Tzvetan Todorov, insan bilimleri ve edebiyat eleştirisinde birçok farklı eğilimin toplanma noktalarından birini temsil eder. Şklovski ve Tinyanov gibi Rus Biçimcilerinin, Roman Jakobson ve Prag Dilbilim Çevresinin, Roland Barthes ve Gerard Genette gibi yapısalcı ve post-yapısalcı eleştirmenlerin yöntemleri, Todorov´un çalışmalarında bir senteze ulaşmaktadır.
Poetika, tek tek yapıtlarla ilgilenmekten çok, bu yapıtları yazınsal kılan koşulları ve öğeleri araştırır. Todorov´un ve yapısalcı edebiyat araştırmalarının hedefi, atomistik diye nitelebilecek bir okuma tarzını eleştirmek ve aşmaktır. Her metin, sözlü ya da yazılı ve silik ya da belirgin başka metinlerle birlikte çok-boyutlu bir anlam ağının içinde yer alır ve çeşitli eksenler üzerinde başka metinlerden ayrışır.
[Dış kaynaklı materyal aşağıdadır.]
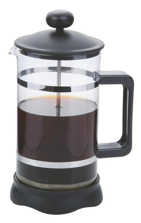 Návod na prípravu. Vyberte viečko s filtrom a sklenenú kanvicu zahrejte vypláchnutím horúcou vodou. Nasypte požadované množstvo čaju či kávy (odporúča sa hrubo namletá, pretože jemná káva by mohla upchať filter). Nalejte do kanvice horúcu vodu (nie vriacu), riadne premiešajte a nechajte niekoľko minút odstáť. Nasaďte viečko s filtrom a mierne stlačte, nie úplne na dno. Nechajte ešte lúhovat. Potom pomaly dotlačujte rukoväťou filter až na dno nádoby. Káva či čaj sú pripravené na servírovanie. Pri nalievaní nikdy neposúvajte filter hore, ale až do vyprázdnenia ponechajte stlačený filter na dne nádoby. Farba - číra, strieborné a čierne doplnky. Rozmery - 10,8 x 22 cm.

Poetikanın asıl konusunu oluşturan yazınsallığın elde edilmesi de okurun bu matrisi şu ya da bu şekilde zihninde canlandırabilmesine, başka bir deyişle bu farklılaşmaları kendi okuması içinde işletebilmesine bağlıdır: Todorov´un Poetikaya Giriş´i, her iyi okurun kısmen bilinçli kısmen de bilinçsiz olarak gerçekleştirdiği bu işlemlerin bir ilk dökümünü sunmaktadır.
Metis Eleştiri dizisinin üçüncü kitabı olan Poetikaya Girişin, Sunuş yazısı Orhan Koçak´a ait.